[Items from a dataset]
______________________________
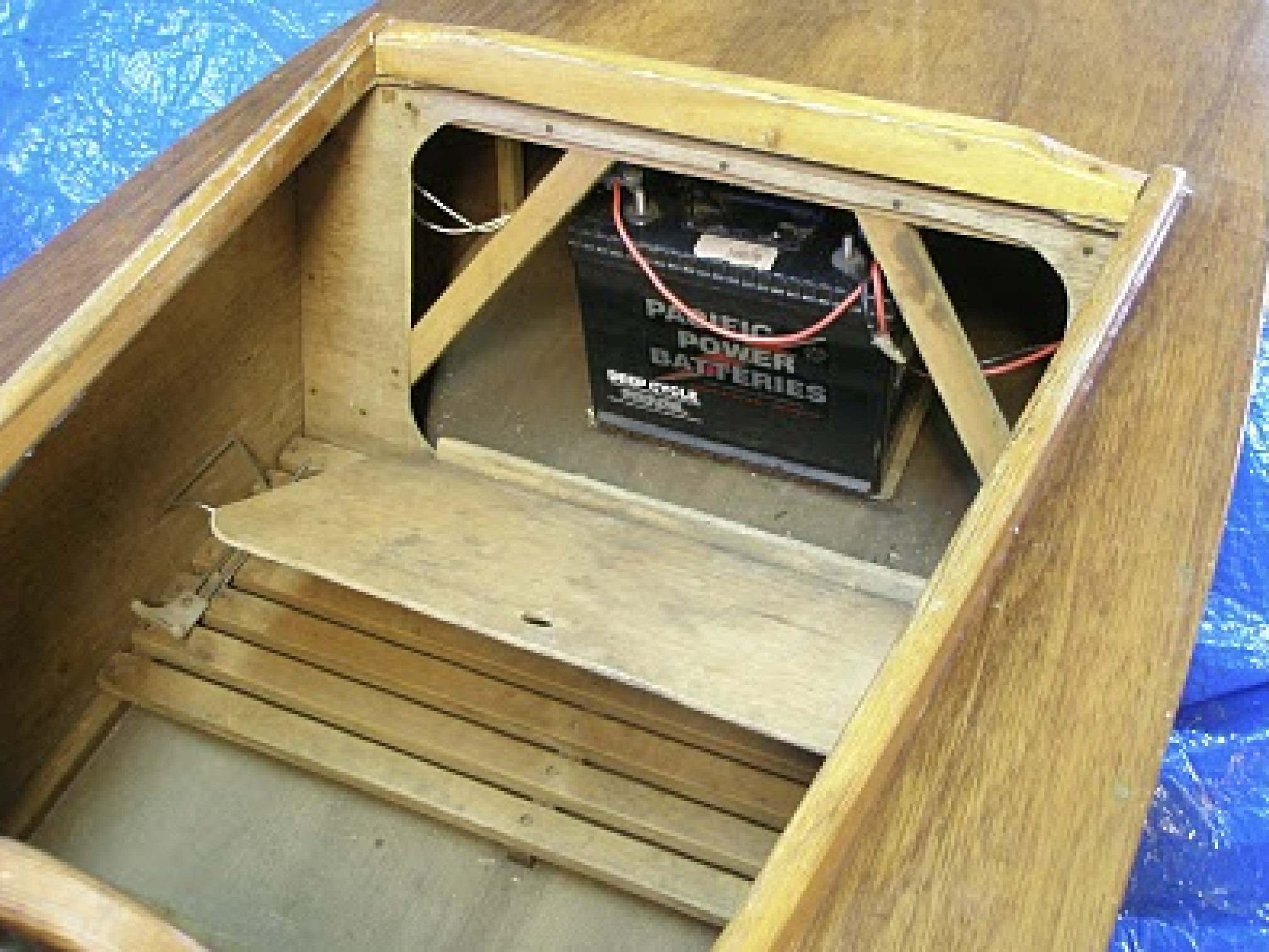 The deep cycle battery is stored behind the pilot. On a fresh battery with full charge you can go for about 31/2 hours. Top speed is a fast walking pace.
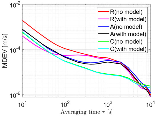 Correspondingly, the MDEVs of the orbital errors using the CNES real-time products are illustrated in the right panel of Figure 5 in the radial I, along-track (A) and cross-track (C) directions for both the kinematic (KN) and reduced-dynamic (RD) modes. For model consistency, the reduced-dynamic orbits computed using the CODE final products, applying the model described in Section 3.1, were taken as the reference orbits. The mis-modeled effects of the real-time GNSS products are visible in the right panel of Figure 5 as the arches from about 100 s to a few thousand seconds, which are caused by the real-time GPS orbital and clock errors, as well as possible model deficiencies in the reduced-dynamic mode. From the right panel of Figure 5, it can also be observed that the differences between the kinematic orbits (solid lines) and the reduced-dynamic orbits (dashed lines) are not only reflected in the increased short-term noise, but also in the enlarged projection of the mis-modeled effects on the orbits. In the kinematic mode, the radial orbital errors (solid black line) are higher than those in the other two directions due to the higher correlation between the radial orbits and the clocks in the estimation process.
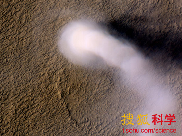美国宇航局的“火星勘测轨道飞行器”于2012年3月14日拍摄到的一个尘卷风(魔鬼旋风)。这个尘卷风的高度达到了12英里(约合20公里)。
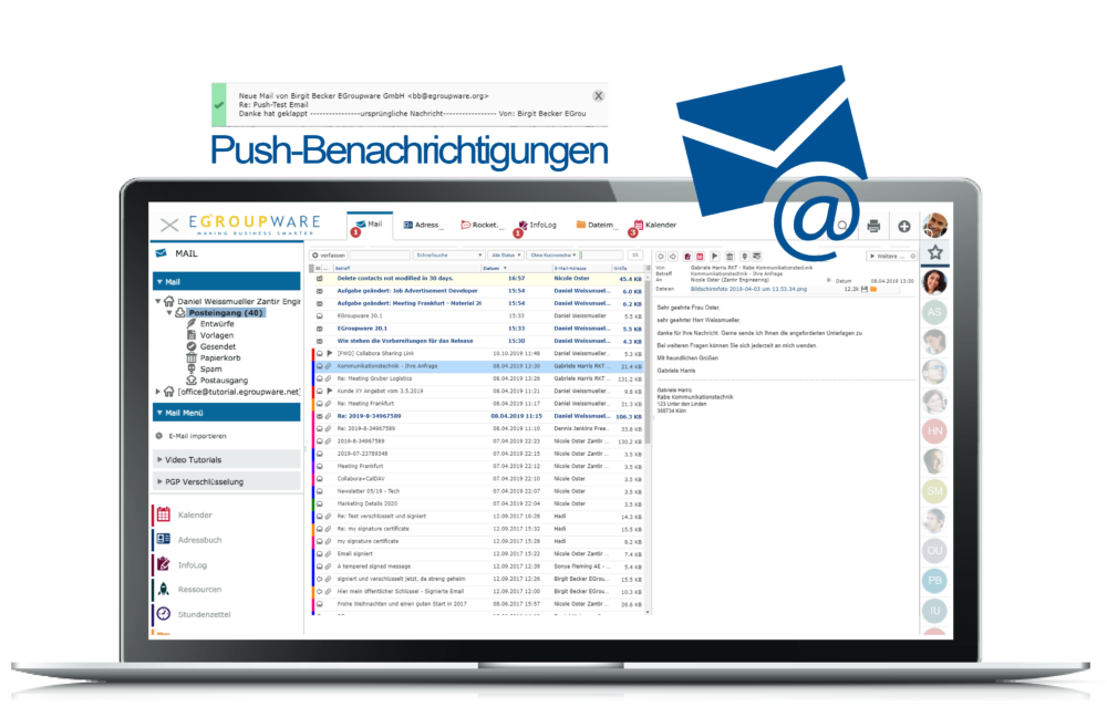 El cliente de correo electrónico de EGroupware ayuda a su equipo a procesar los correos electrónicos.
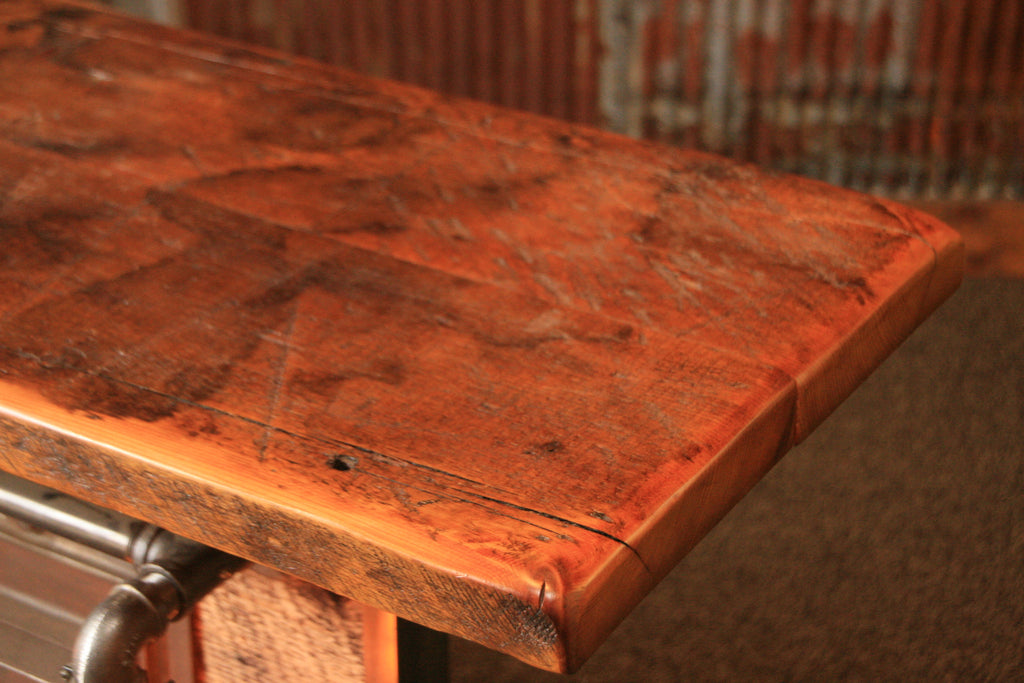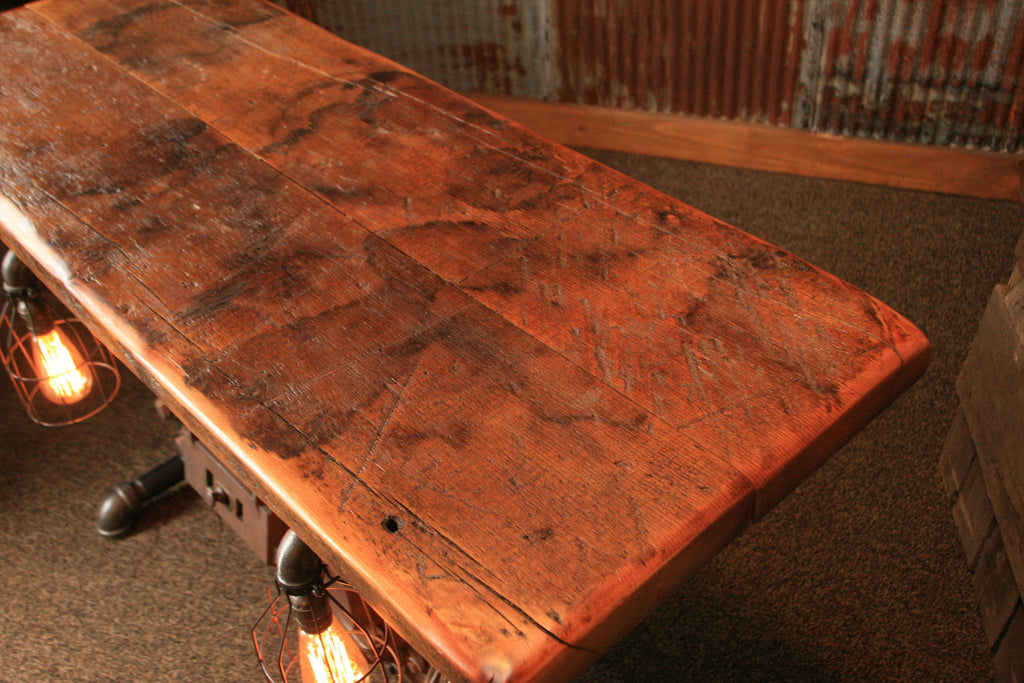 - Antique Minnesota barn wood top measures 53" wide by 16" deep
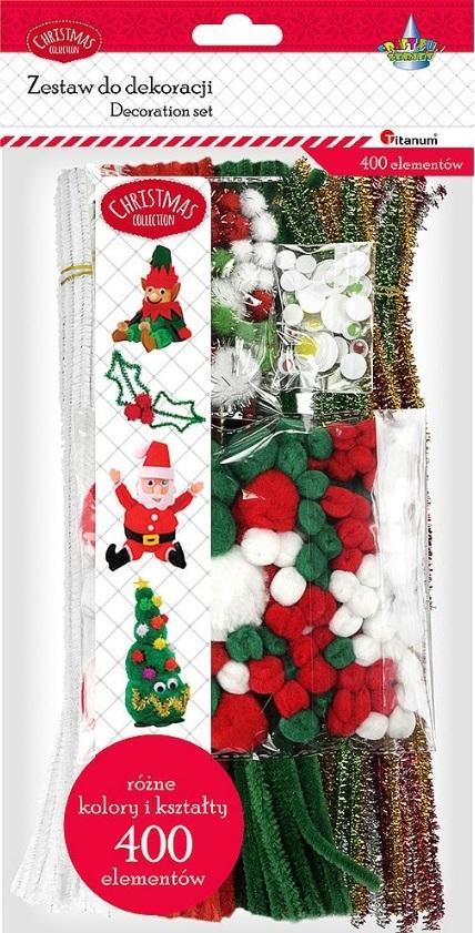 Zestaw 400 elementów: 120 drucików chenillowych (złote, czerwone, srebrne, zielone, czerwone, białe), 170 pomponów: akrylowe, poliestrowe, brokatowe, 30 ruchomych oczek kolorowych.
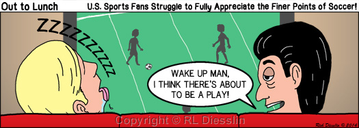 U.S. Sports Fans Struggle to Appreciate the Finer Points of Soccer! July 16, 2014 Keywords: otl, soccer, european foot ball, sports, slow paced Other Shops Where Our Cartoon Products are Sold: Cafe Press Shops: OutToLunch2 | OTL1 | Knots Scout | Cartoon Gospel Cartoons are available in print resolution in any format. To license use of this cartoon refer to the Detailed Licensing Guidelines or, for your convenience use this Cartoon Licensing Quick List:
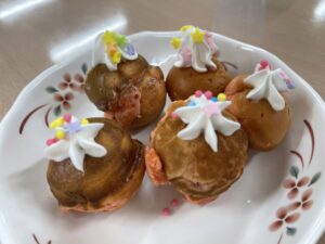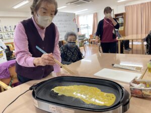 ホットプレートが広いので薄く広げるのに少しコツが要りましたが、皆さん上手に焼いてくださいました😊
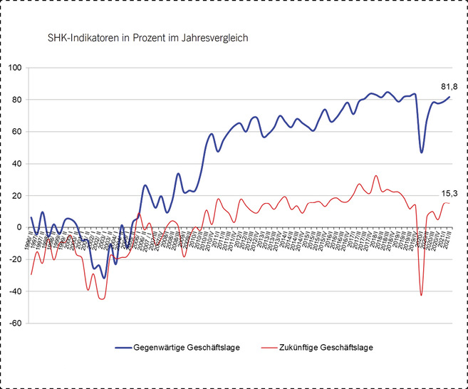 Die SHK-Innungsbetriebe bestätigen aufs Neue eine deutlich positive Geschäftslage. Aus dem Erhebungszeitraum vom 14. bis 27. Juni 2021 konnten Meldungen von 1742 Innungsbetrieben ausgewertet werden. Dabei zeigt sich, dass die aktuelle Geschäftslage mit einem Indikatorwert von nunmehr +81,8 % deutlich positiver eingeschätzt wird, als dies unter dem Eindruck der Pandemie vor einem Jahr verzeichnet wurde (+67,4 %). Auch die zu erwartende Geschäftslage in den nächsten drei Monaten kommt auf positive Indikatorwerte. Dabei führt das Heizungsgewerk mit 24,2 %, gefolgt von Kundendienst (24,1 %) und Sanitär (14,0 %).
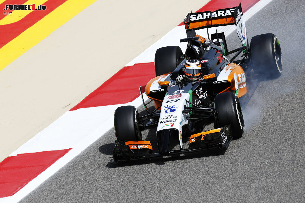 Bahrain-Spezialist Felipe Massa (5./+1,117) konnte bei seinem kurzen Versuch auf weichen Pneus ein gutes Tempo zeigen, sein Teamkollege Valtteri Bottas (11./+1,595) wurde bei seiner ersten Runde auf dem guten Gummi aufgehalten. Von Williams ist sicherlich noch mehr zu erwarten. Ebenso von Force India. Nico Hülkenberg (13./+1,673), der am Mittag im Vorderfeld gefahren war, zeigte am Abend ein herausragendes Tempo über die Distanz. Gemessen an den Longruns muss man ihn als ersten Mercedes-Verfolger nennen.
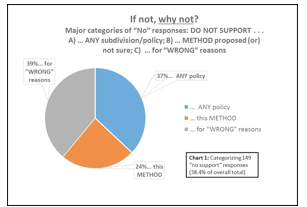 As shown in Chart #1, the brief survey offered the complete text of the proposed policy without any further explanation. In addition to lacking any background – and with no option to say “don’t know,” two additional factors play into the ability to categorize the responses, skewing further many ”no support” and “why not” responses.
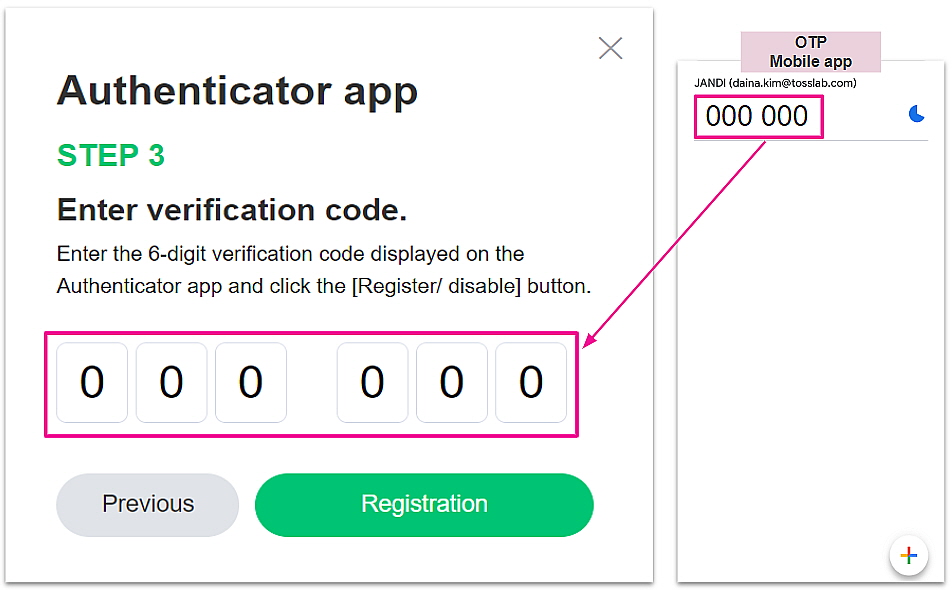 3. (1) Copy the code provided by JANDI. (2) Paste the code to your mobile OTP app.
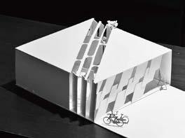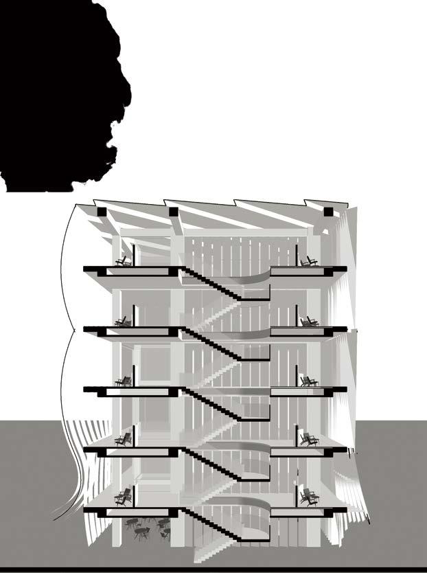 Following the design philosophy of have an extremely porous facade, glass walls were implemented at the more public top and bottom areas to allow vision to the funnel from the outside. Vertical louvres were used at the secondary external circulation to also emphasize a sort of verticality paired with the stairs in the overall design.
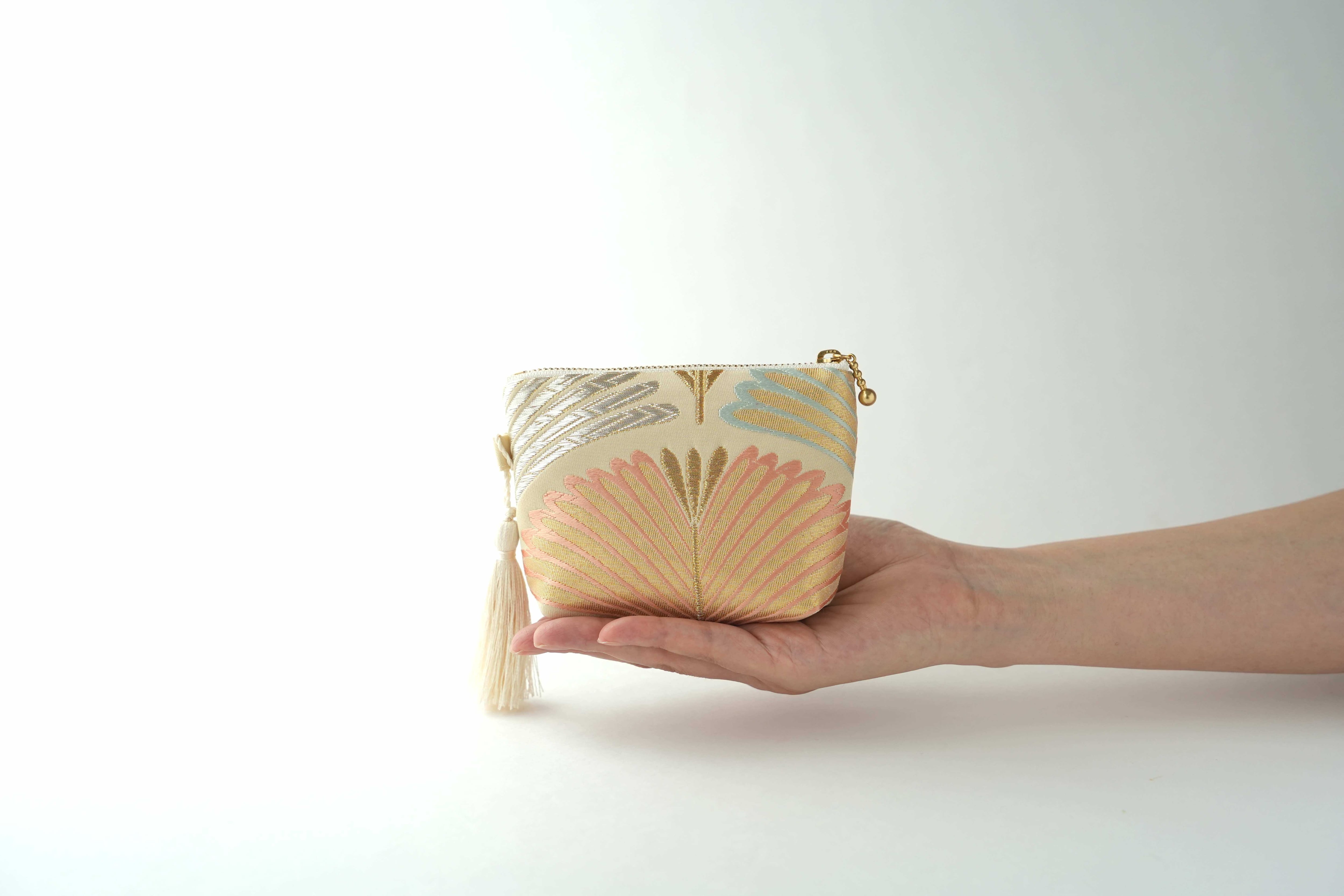 ベージュ・ゴールド・シルバーの帯地に松紋様があしらわれたシルク帯で製作したミニポーチです。
______________________________
## The problem
In the entries above, which lines run from the one with "U.S. Sports Fans" up to and including the one with "ホットプレートが広いので薄く"? Write them out exactly, without the pictures.

## Result of the exercise
 U.S. Sports Fans Struggle to Appreciate the Finer Points of Soccer! July 16, 2014 Keywords: otl, soccer, european foot ball, sports, slow paced Other Shops Where Our Cartoon Products are Sold: Cafe Press Shops: OutToLunch2 | OTL1 | Knots Scout | Cartoon Gospel Cartoons are available in print resolution in any format. To license use of this cartoon refer to the Detailed Licensing Guidelines or, for your convenience use this Cartoon Licensing Quick List:
 ホットプレートが広いので薄く広げるのに少しコツが要りましたが、皆さん上手に焼いてくださいました😊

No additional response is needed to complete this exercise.